[GIVEN RECORDS]

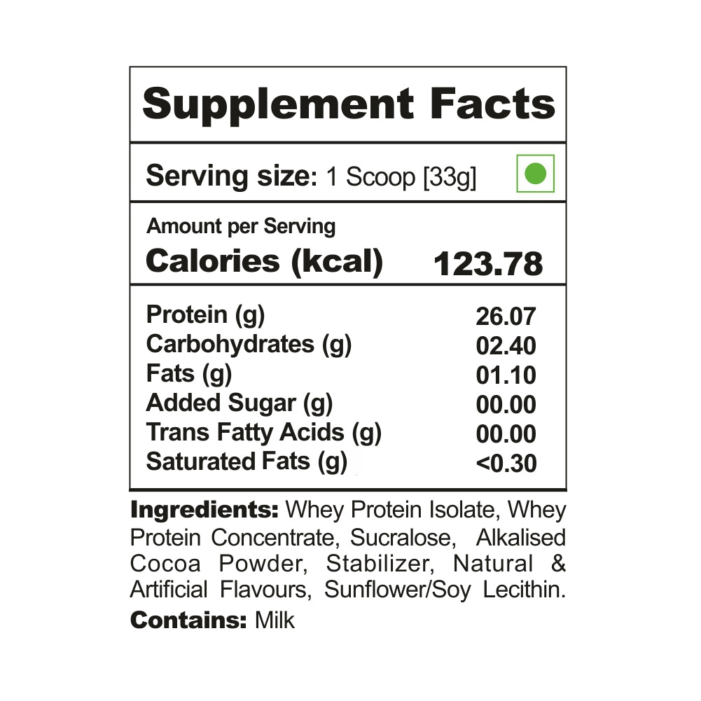 INGREDIENTS: Cross-Flow Micro filtrated Whey Protein Isolate, Cross-Flow Micro filtrated Whey Protein Concentrate, Cocoa (Processed with Alkali), Sucralose, Natural & Artificial Flavours
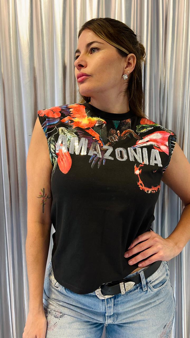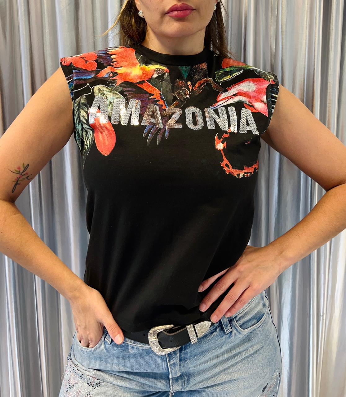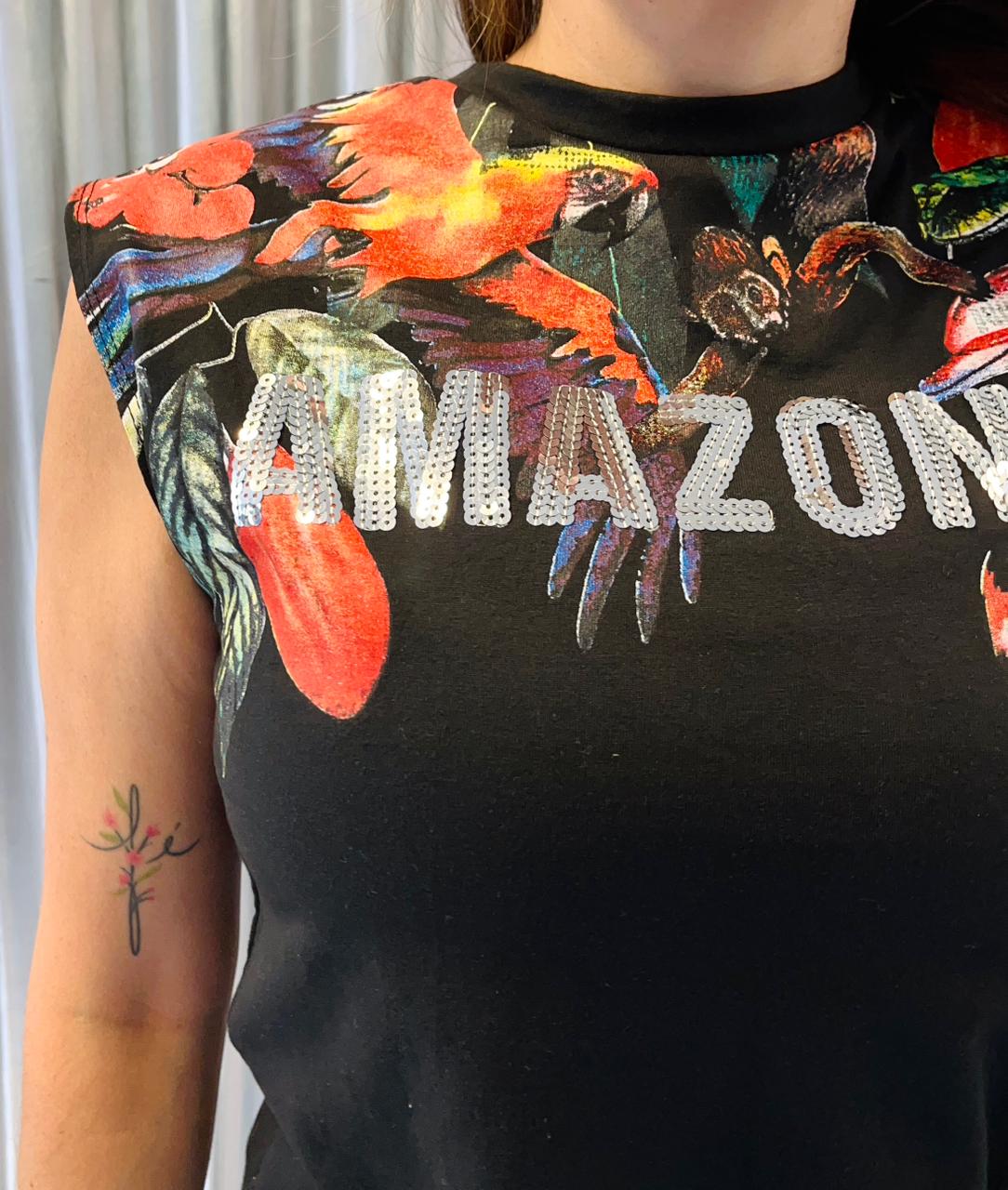 Musculosa de algodon con estampa sublimada y bordado de lentejuelas.
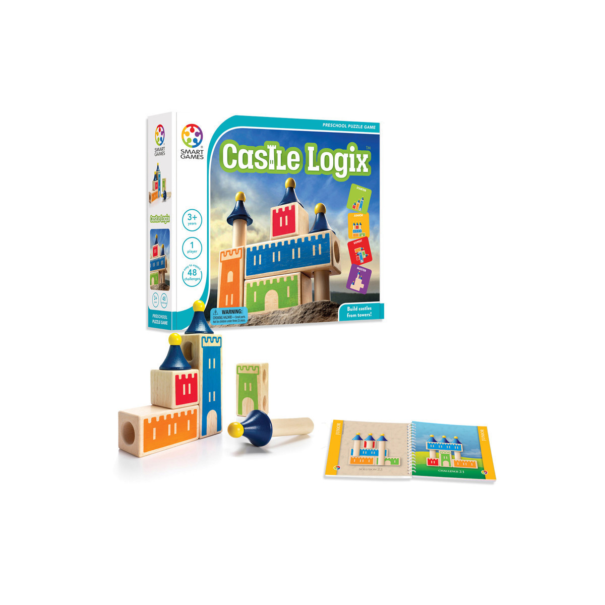 From SmartGames, the worldwide leader in single player puzzle games, comes Castle Logix. Construct castles, block by block and tower by tower, flexing your logic muscles with this beautifully crafted 3-D wooden puzzle. Assemble the wooden blocks and towers to match the challenge you have selected in the included booklet. With simple challenges for inexperienced builders to complex puzzles that will challenge skilled architects, Castle Logix is a fun way to develop logical thinking skills and spatial reasoning abilities.
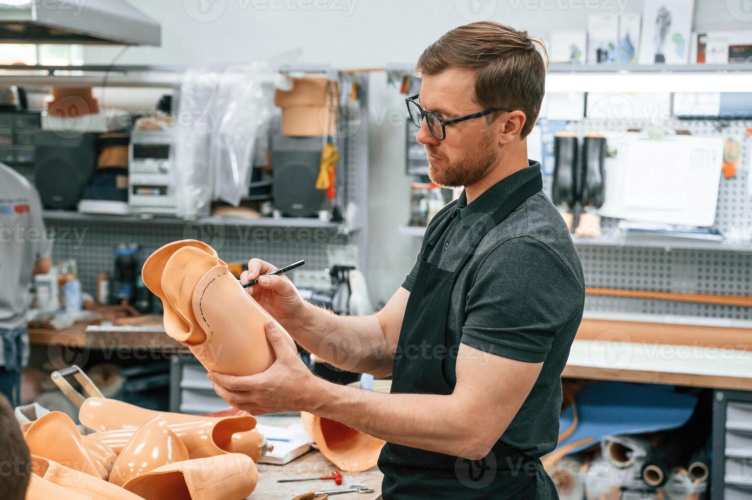 Using ,marker ,to draw the line. Technician working with prosthesis in modern laboratory Pro Photo
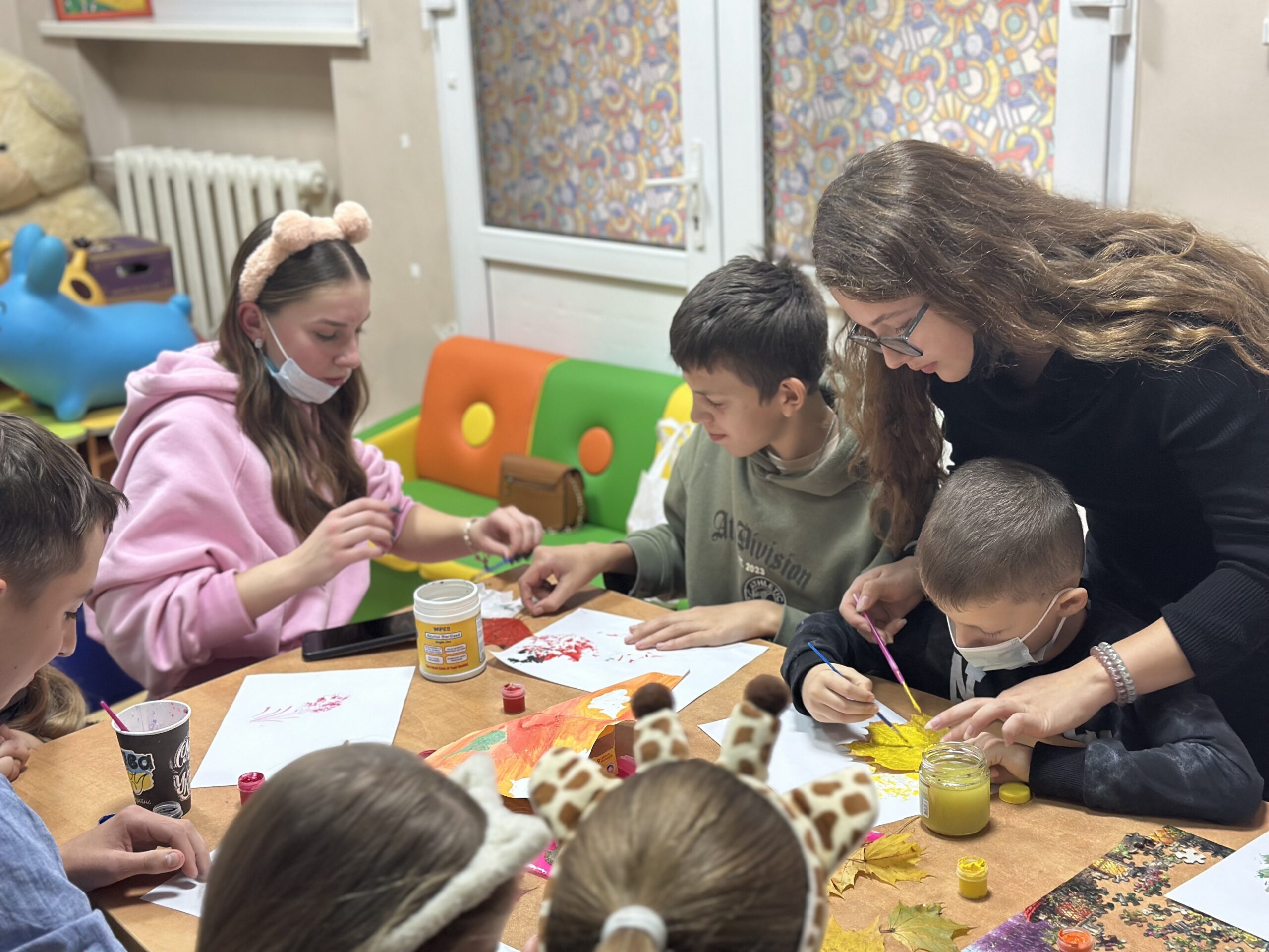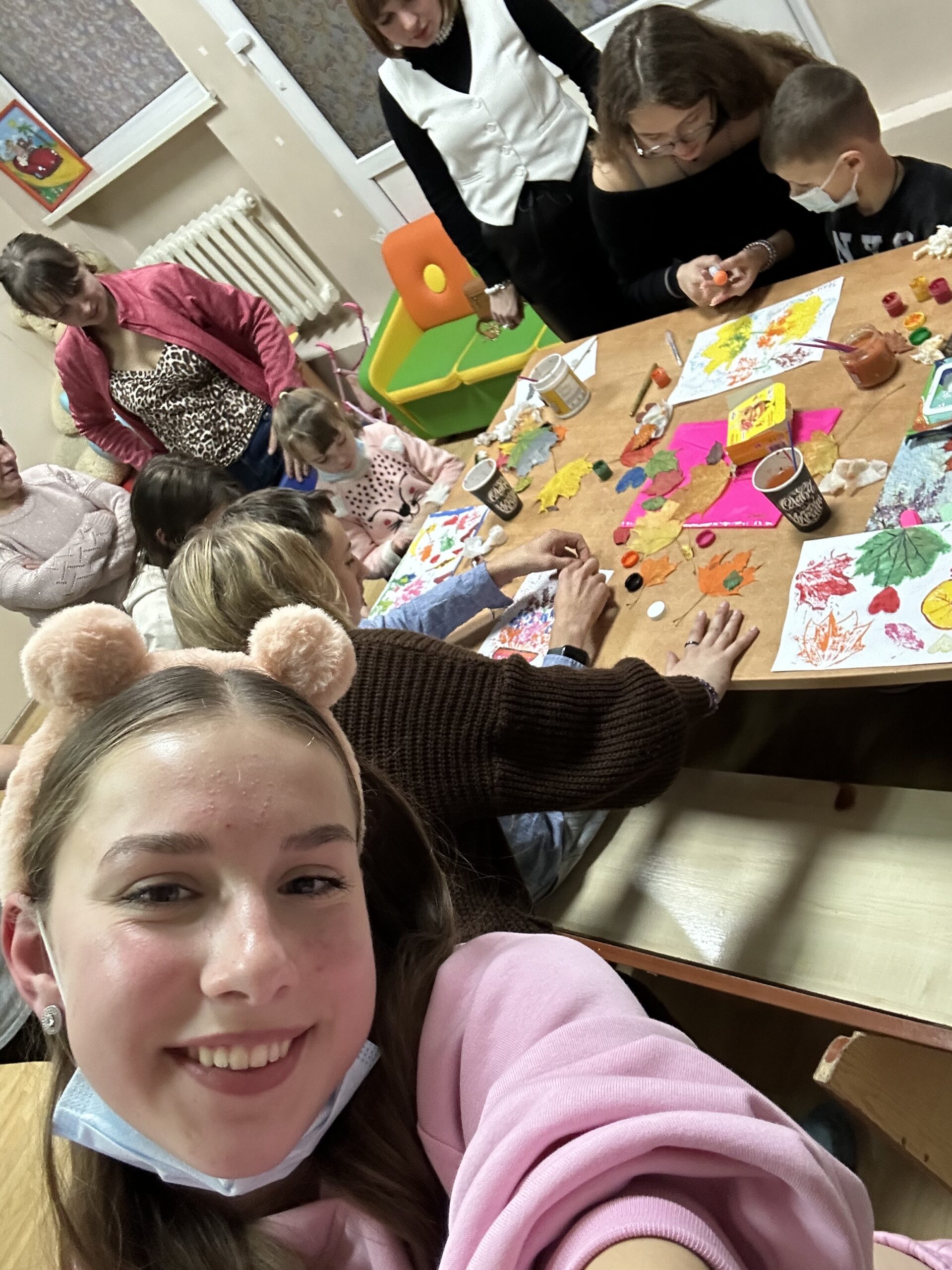Студентки Мокрій Ярина, Ткачук Єлизавета, Плекан Анна, Беренда Анастасія та Дудка Катерина разом із викладачкою мистецтва Марією Пазинюк провели творче заняття для маленьких пацієнтів онкогематологічного відділення Івано-Франківської обласної клінічної дитячої лікарні.Маленькі пацієнти разом зі студентками із захопленням поринули у світ монотипії — створювали яскраві осінні композиції, розмальовували барвисті листочки та переносили їхні відбитки на аркуші паперу.Під час заняття панувала тепла, доброзичлива атмосфера: діти посміхалися, з цікавістю спостерігали за процесом і раділи кожній своїй роботі.Такі зустрічі дарують не лише нові знання та творчий досвід, а й найцінніше — віру, натхнення й щирі емоції.На завершення всі учасники обмінялися теплими побажаннями та зробили спільне фото — на згадку про день, наповнений добром, барвами та світлом дитячих усмішок.
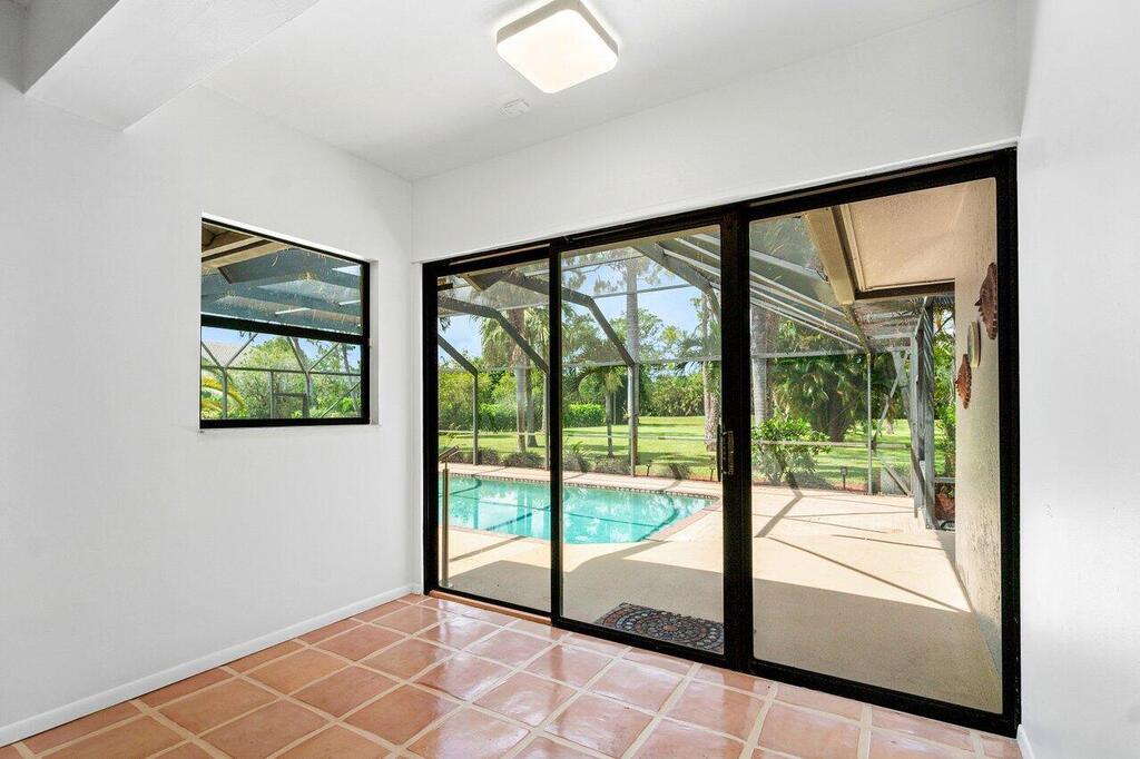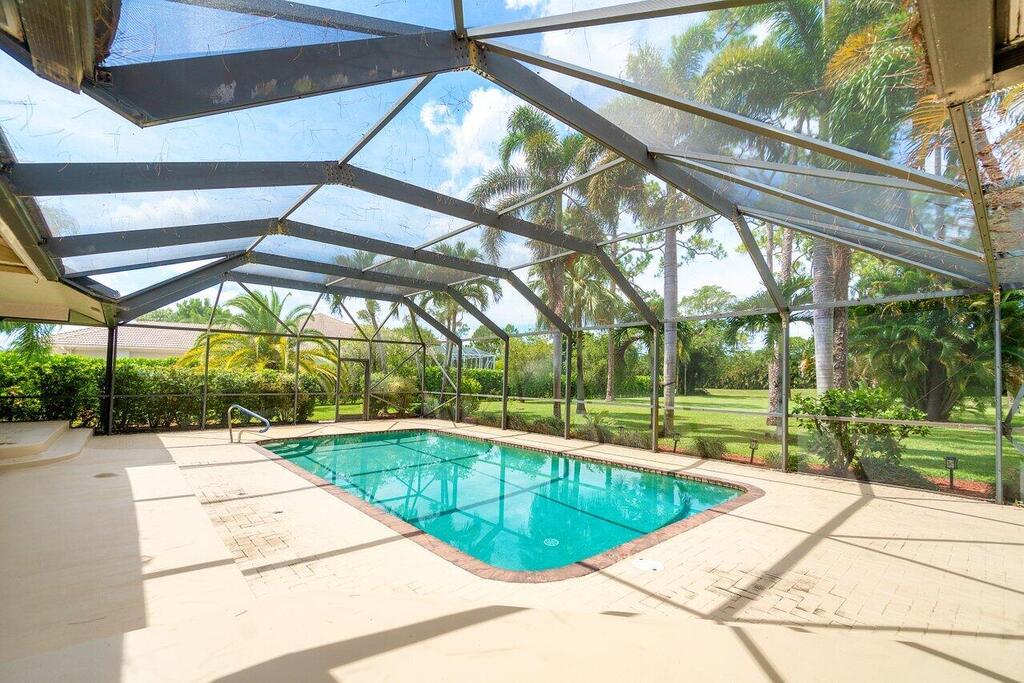 CLEAN, CLEAN, CLEAN!! One of a kind! 3 bedrooms PLUS a den! St. Andrews of Sherbrooke is a wonderful community with individual style homes and 1-acre lots. Great opportunity to enjoy a beautiful home with a private pool and a sprawling yard! Almost 2500 sq ft with spectacular, backyard and mature trees. Screen enclosed patio and pool with covered and open areas. Very well maintained, new flooring in the primary suite (no carpet), new roof. Eat in kitchen nook, laundry room inside and 2 car garage. Close to shopping, schools and highways. Downtown Lake Worth, Delray Marketplace and Wellington's Equestrian activities, all just a short drive. Landlord will maintain the yard care, pool, alarm system and septic system.
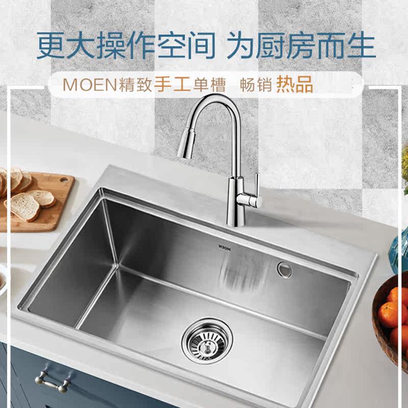 Moen Stainless steel sink set single slot strainer siu kitchen pull-out faucet chrome plated
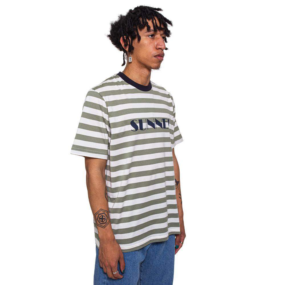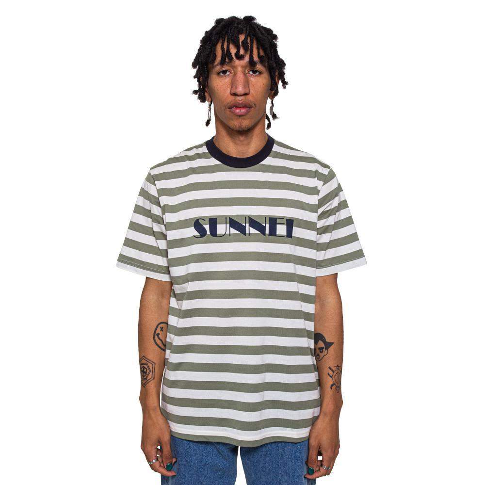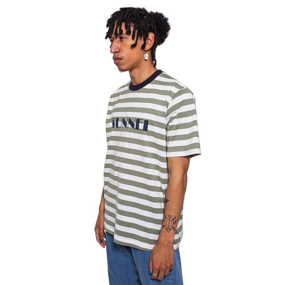 CREAM AND OLIVE STRIPED T-SHIRT IN COTTON. LOGO PRINT ON THE FRONT AND CONTRAST CREWNECK.

[/GIVEN RECORDS]

EXERCISE BRIEF: Above are records to transcribe exactly; leave their pictures out.

REPLY TO THE EXERCISE:
 INGREDIENTS: Cross-Flow Micro filtrated Whey Protein Isolate, Cross-Flow Micro filtrated Whey Protein Concentrate, Cocoa (Processed with Alkali), Sucralose, Natural & Artificial Flavours
 Musculosa de algodon con estampa sublimada y bordado de lentejuelas.
 From SmartGames, the worldwide leader in single player puzzle games, comes Castle Logix. Construct castles, block by block and tower by tower, flexing your logic muscles with this beautifully crafted 3-D wooden puzzle. Assemble the wooden blocks and towers to match the challenge you have selected in the included booklet. With simple challenges for inexperienced builders to complex puzzles that will challenge skilled architects, Castle Logix is a fun way to develop logical thinking skills and spatial reasoning abilities.
 Using ,marker ,to draw the line. Technician working with prosthesis in modern laboratory Pro Photo
Студентки Мокрій Ярина, Ткачук Єлизавета, Плекан Анна, Беренда Анастасія та Дудка Катерина разом із викладачкою мистецтва Марією Пазинюк провели творче заняття для маленьких пацієнтів онкогематологічного відділення Івано-Франківської обласної клінічної дитячої лікарні.Маленькі пацієнти разом зі студентками із захопленням поринули у світ монотипії — створювали яскраві осінні композиції, розмальовували барвисті листочки та переносили їхні відбитки на аркуші паперу.Під час заняття панувала тепла, доброзичлива атмосфера: діти посміхалися, з цікавістю спостерігали за процесом і раділи кожній своїй роботі.Такі зустрічі дарують не лише нові знання та творчий досвід, а й найцінніше — віру, натхнення й щирі емоції.На завершення всі учасники обмінялися теплими побажаннями та зробили спільне фото — на згадку про день, наповнений добром, барвами та світлом дитячих усмішок.
 CLEAN, CLEAN, CLEAN!! One of a kind! 3 bedrooms PLUS a den! St. Andrews of Sherbrooke is a wonderful community with individual style homes and 1-acre lots. Great opportunity to enjoy a beautiful home with a private pool and a sprawling yard! Almost 2500 sq ft with spectacular, backyard and mature trees. Screen enclosed patio and pool with covered and open areas. Very well maintained, new flooring in the primary suite (no carpet), new roof. Eat in kitchen nook, laundry room inside and 2 car garage. Close to shopping, schools and highways. Downtown Lake Worth, Delray Marketplace and Wellington's Equestrian activities, all just a short drive. Landlord will maintain the yard care, pool, alarm system and septic system.
 Moen Stainless steel sink set single slot strainer siu kitchen pull-out faucet chrome plated
 CREAM AND OLIVE STRIPED T-SHIRT IN COTTON. LOGO PRINT ON THE FRONT AND CONTRAST CREWNECK.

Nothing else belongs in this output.